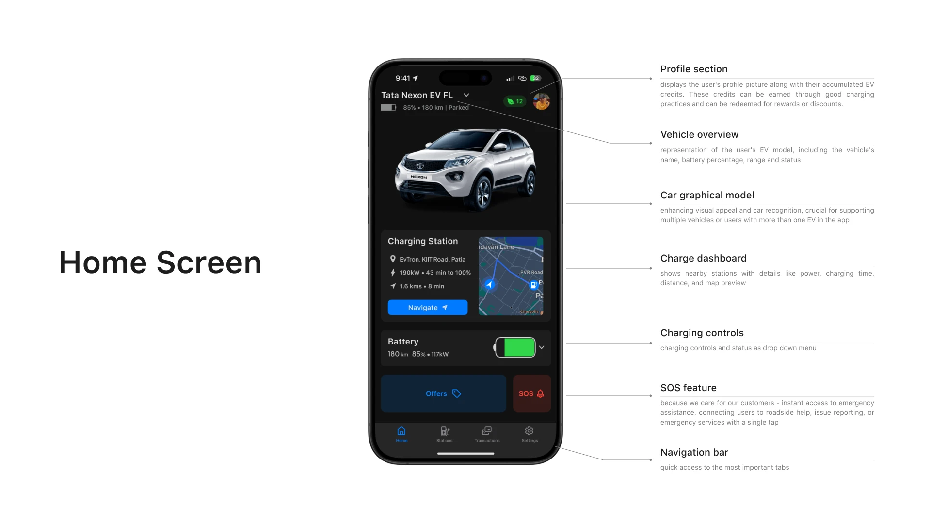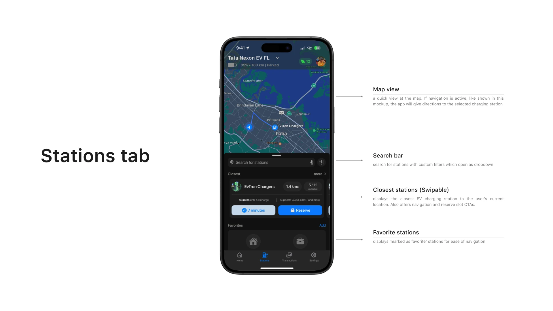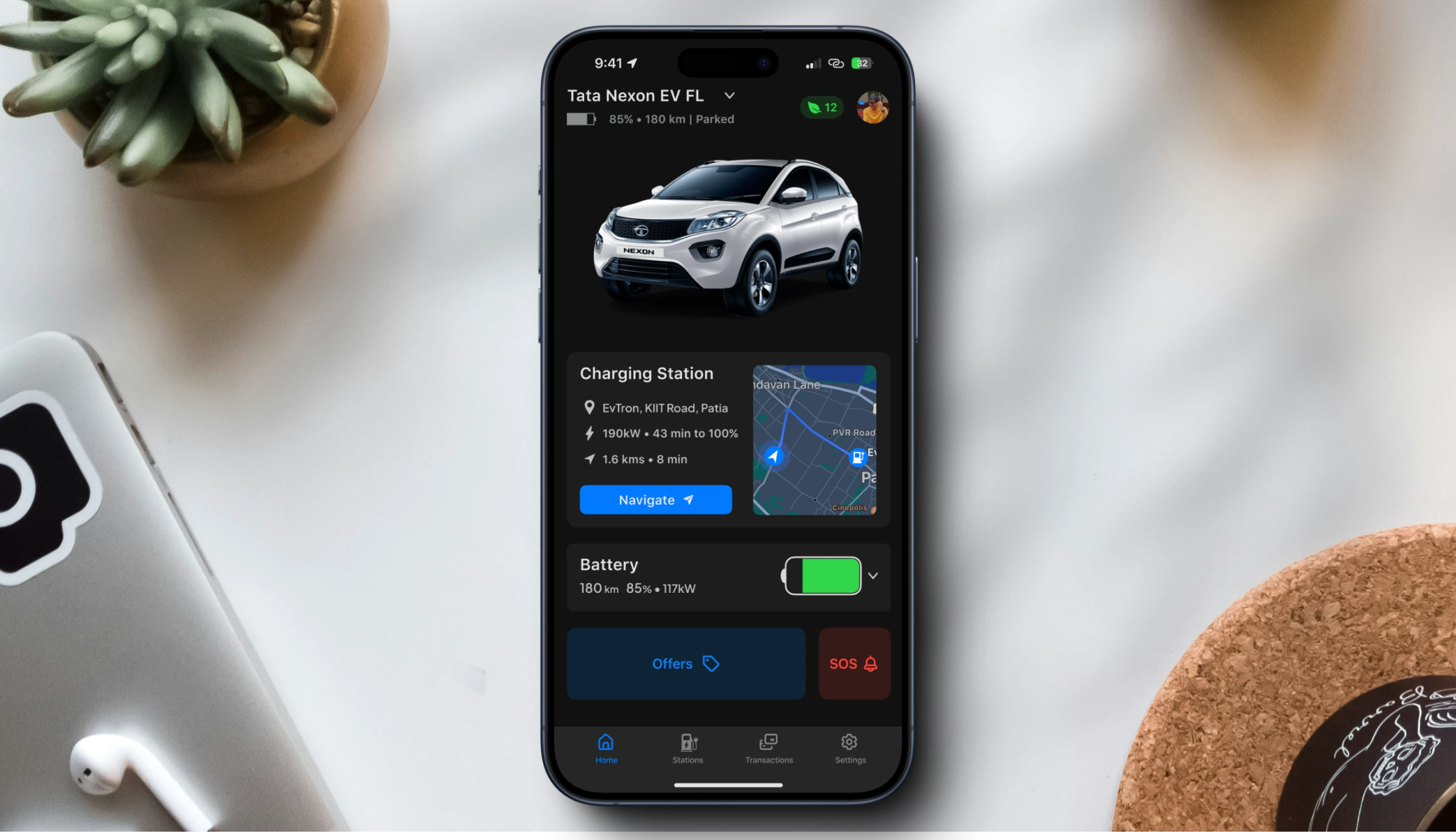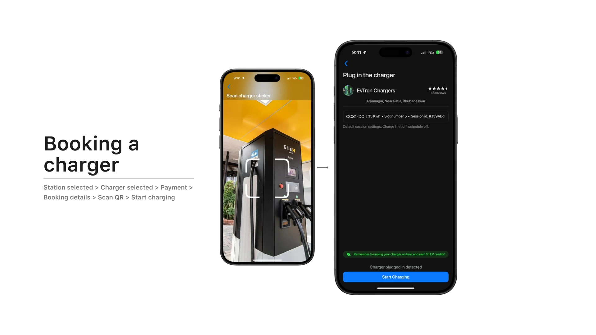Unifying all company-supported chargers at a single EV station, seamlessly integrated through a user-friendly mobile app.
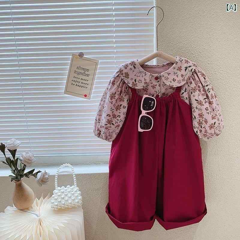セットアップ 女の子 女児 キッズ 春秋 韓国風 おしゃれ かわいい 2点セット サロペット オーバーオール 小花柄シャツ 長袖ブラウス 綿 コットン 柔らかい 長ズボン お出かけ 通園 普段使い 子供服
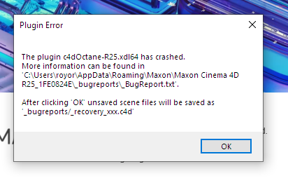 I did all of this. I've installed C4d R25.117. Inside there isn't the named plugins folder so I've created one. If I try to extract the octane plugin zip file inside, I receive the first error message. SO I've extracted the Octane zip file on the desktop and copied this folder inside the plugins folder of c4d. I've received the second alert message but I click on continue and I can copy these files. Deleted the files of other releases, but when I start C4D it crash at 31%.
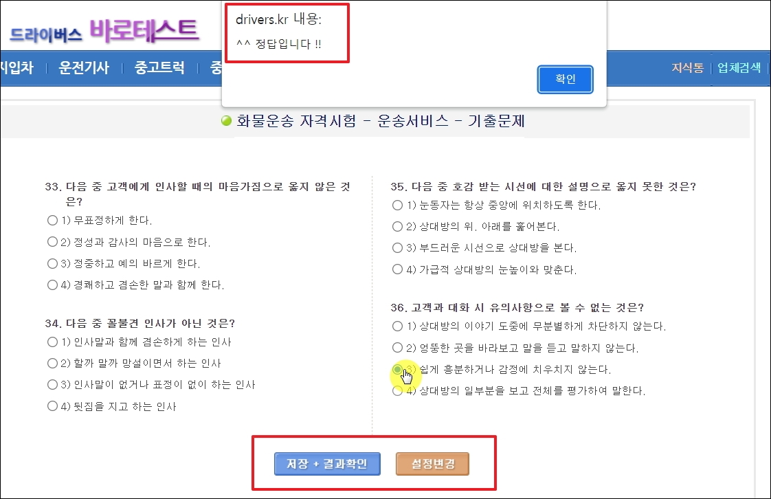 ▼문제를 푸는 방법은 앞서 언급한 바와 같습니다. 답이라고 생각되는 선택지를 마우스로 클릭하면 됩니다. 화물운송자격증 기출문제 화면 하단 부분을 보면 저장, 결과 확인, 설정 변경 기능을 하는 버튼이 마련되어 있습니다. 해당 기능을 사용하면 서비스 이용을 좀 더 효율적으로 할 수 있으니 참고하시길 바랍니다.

■ Your task
Leaving every image behind, repeat the data in full and exactly.

■ Answer section
Unifying all company-supported chargers at a single EV station, seamlessly integrated through a user-friendly mobile app.
セットアップ 女の子 女児 キッズ 春秋 韓国風 おしゃれ かわいい 2点セット サロペット オーバーオール 小花柄シャツ 長袖ブラウス 綿 コットン 柔らかい 長ズボン お出かけ 通園 普段使い 子供服
 I did all of this. I've installed C4d R25.117. Inside there isn't the named plugins folder so I've created one. If I try to extract the octane plugin zip file inside, I receive the first error message. SO I've extracted the Octane zip file on the desktop and copied this folder inside the plugins folder of c4d. I've received the second alert message but I click on continue and I can copy these files. Deleted the files of other releases, but when I start C4D it crash at 31%.
 ▼문제를 푸는 방법은 앞서 언급한 바와 같습니다. 답이라고 생각되는 선택지를 마우스로 클릭하면 됩니다. 화물운송자격증 기출문제 화면 하단 부분을 보면 저장, 결과 확인, 설정 변경 기능을 하는 버튼이 마련되어 있습니다. 해당 기능을 사용하면 서비스 이용을 좀 더 효율적으로 할 수 있으니 참고하시길 바랍니다.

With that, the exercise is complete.